I don't work on the kernel, so I can't tell you which it is. You will
have to decide.

>From my perspective, as a kernel user rather than a kernel developer,
a system call that silently fails for certain files and that provides
no way to determine either 1) ahead of time that the system call will
fail, or 2) after the call that the system call did fail, is a useless
system call. I can never use that system call, because I don't know
whether or not it will work. So as a kernel user I would say that you
should fix the system call to report failure, or document some way to
know whether the system call will fail, or you should remove the
system call. But I'm not a kernel developer, I don't have all the
information, and it's obviously your call.
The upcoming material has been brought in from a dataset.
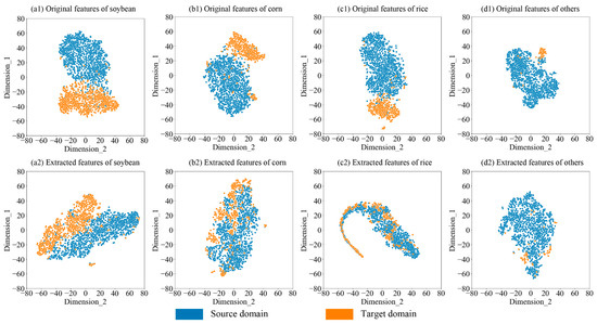 Distributions of (1) original SAR features and (2) extracted SAR features of (a) soybean, (b) corn, (c) rice, and (d) “others” using the testing data of the source and target domains.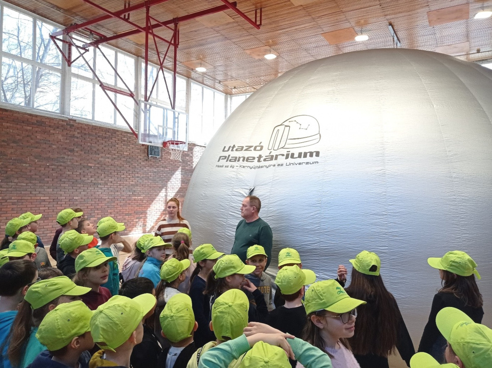 Közel 500 lelkes diák és pedagógus ismerkedett a csillagos égbolt rejtelmeivel az Utazó Planetárium segítségével. Részt vettünk a humoros és egyedülálló állatbemutatón, ahol megismerkedhettünk Sufnival az egérrel, Lufival a patkánnyal, Spurival a görénnyel, egy menyéttel, egy rókával, aki igazi filmsztár, illetve egy csodakutyával. (Illetve megtudhattuk azt is, hogy a jéghegyek olvadása miatt a jegesmedvék kénytelenek Amerika északi részére költözni, hogy ne halljanak éhen, és a grízlik és a jegesmedvék csodálatos találkozásából született medvebocsokat tejbegrízlinek hívják:) .) A programunk végén, pedig kalandozhattunk az installációs erdőben, ahol gyakorolhattuk a szelektív hulladékgyűjtést, és a napelemkészítést játékos formába.

I'll note that to the best of my knowledge this failure started
happening with the 5.3 kernel, as before 5.3 the problematic calls
would report a failure (EXDEV). Since 5.3 isn't all that old I
personally wouldn't say that the kernel "has always worked this way."
But I may be mistaken about this.


> > So ideally the kernel will report EOPNOTSUPP or EINVAL when using
> > copy_file_range on a file in /proc or some other file system that
> > fails (and, minor side note, the copy_file_range man page should
> > document that it can return EOPNOTSUPP or EINVAL in some cases, which
> > does already happen on at least some kernel versions using at least
> > some file systems).
>
> Documentation is good, but what the kernel does is the true "definition"
> of what is going right or wrong here.

Sure. The documentation comment was just a side note. I hope that we
can all agree that accurate man pages are better than inaccurate ones.

Ian